## WORK REQUEST:
Find the line with "Im Jahr 2008" in the entries below, then output every line from it down to the line with "listen to it", exactly and with no pictures.

## STUDY MATERIAL:
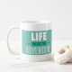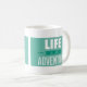 Aventura - a vida é ofertas inspiradas de uma tipografia da aventura 3 designs diferentes da pia batismal no branco sobre um fundo azul esverdeado.
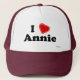 I love Annie! Is your name Annie? Do you have a husband, boyfriend, male family member or male friend who you know loves you? Or do you have a wife, girlfriend, female family member or female friend named Annie whom you love deeply? If so, this "I Love" hat is exactly the gift that you're looking for! The design features the letter "I" in black lettering with a red heart on the top and "Annie" in black lettering on the bottom.
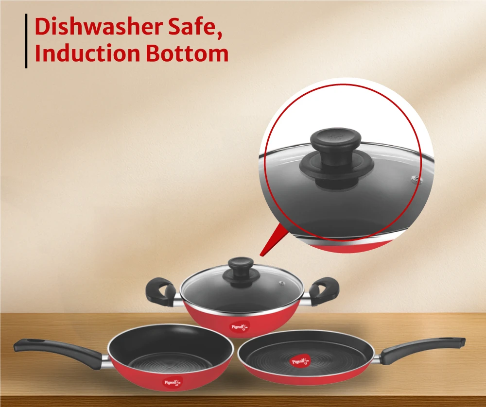Package Contents: 1 - Fry Pan, 1 - Flat Tawa, 1 - Kadai with Glass Lid | Warranty Information: 1 Year
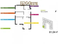 Квартира площадью 61,04 м2 расположена на 5 этаже, 5 этаже здания с лифтом.
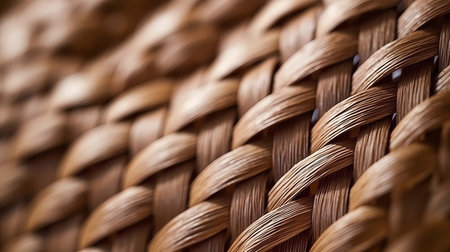 Detailed macro shot of a woven brown rattan texture forming a circular pattern Clear details and vibrant color...
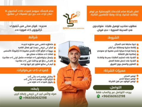 SAM Logistic Services Company SAM Logistic Services Company announces the availability of job vacancies according to the following details Delivery Representatives Required Applicants must be located in Madinah - Qurban District Requirements Previous experience in the field Valid and active residency (Iqama) through Absher Small cargo truck driving license Transfer of sponsorship is required Ability
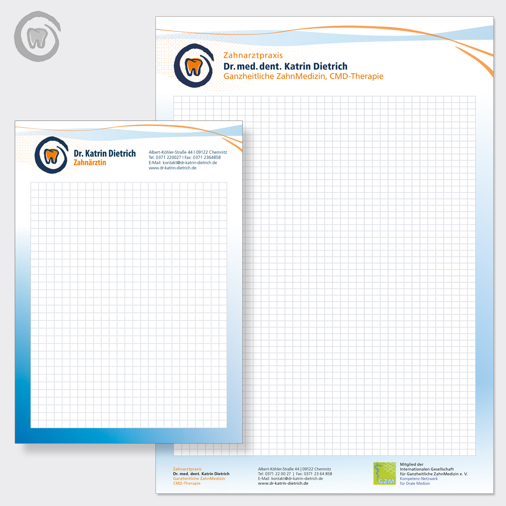 Im Jahr 2008 startete ein Markenrelaunch der Zahnarztpraxis. Es enstanden das neue Logo, die Geschäftsausstattung, diverse Drucksachen und die Internetseite neu. Seit 2008 einer meiner beständigen Kunden.
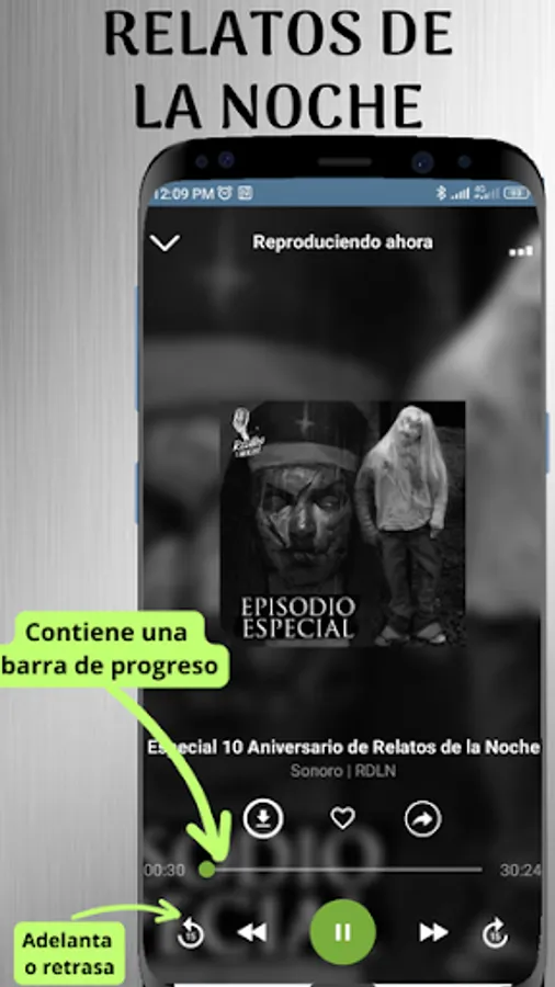 • You will find a Progress Bar to be able to place the reproduction of the podcast from where you want to listen to it
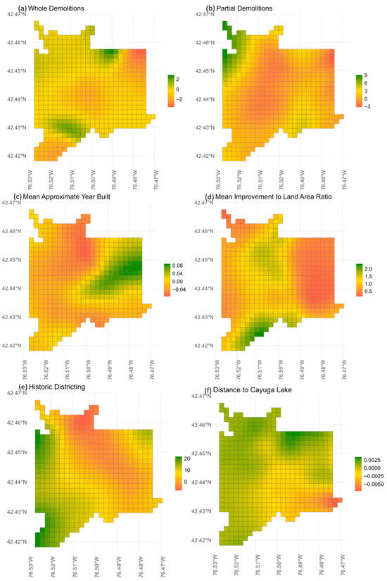 Maps of the GWR coefficients of different variables: (a) whole-building demolition permits; (b) partial-building demolition permits; (c) mean approximate year built; (d) mean improvement-to-land-area ratio; (e) historic districting; and (f) distance to Cayuga Lake.
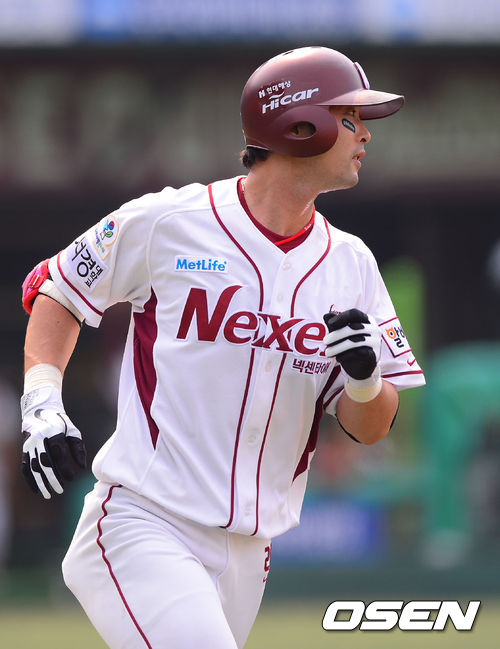 6일 오후 서울 목동구장에서 열린 '2013 한국야쿠르트 세븐 프로야구' 넥센 히어로즈와 삼성 라이온즈의 경기 3회말 1사 1,3루 넥센 서동욱이 1타점 적시타를 날린 후 타구를 바라보고 있다
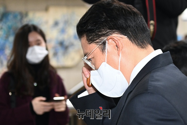 조현준 효성그룹 회장이 25일 오후 서울 서초구 서울고등법원에서 열린 항소심 선고공판을 마치고 법정을 나서고 있다.

## RESPONSE AREA:
 Im Jahr 2008 startete ein Markenrelaunch der Zahnarztpraxis. Es enstanden das neue Logo, die Geschäftsausstattung, diverse Drucksachen und die Internetseite neu. Seit 2008 einer meiner beständigen Kunden.
 • You will find a Progress Bar to be able to place the reproduction of the podcast from where you want to listen to it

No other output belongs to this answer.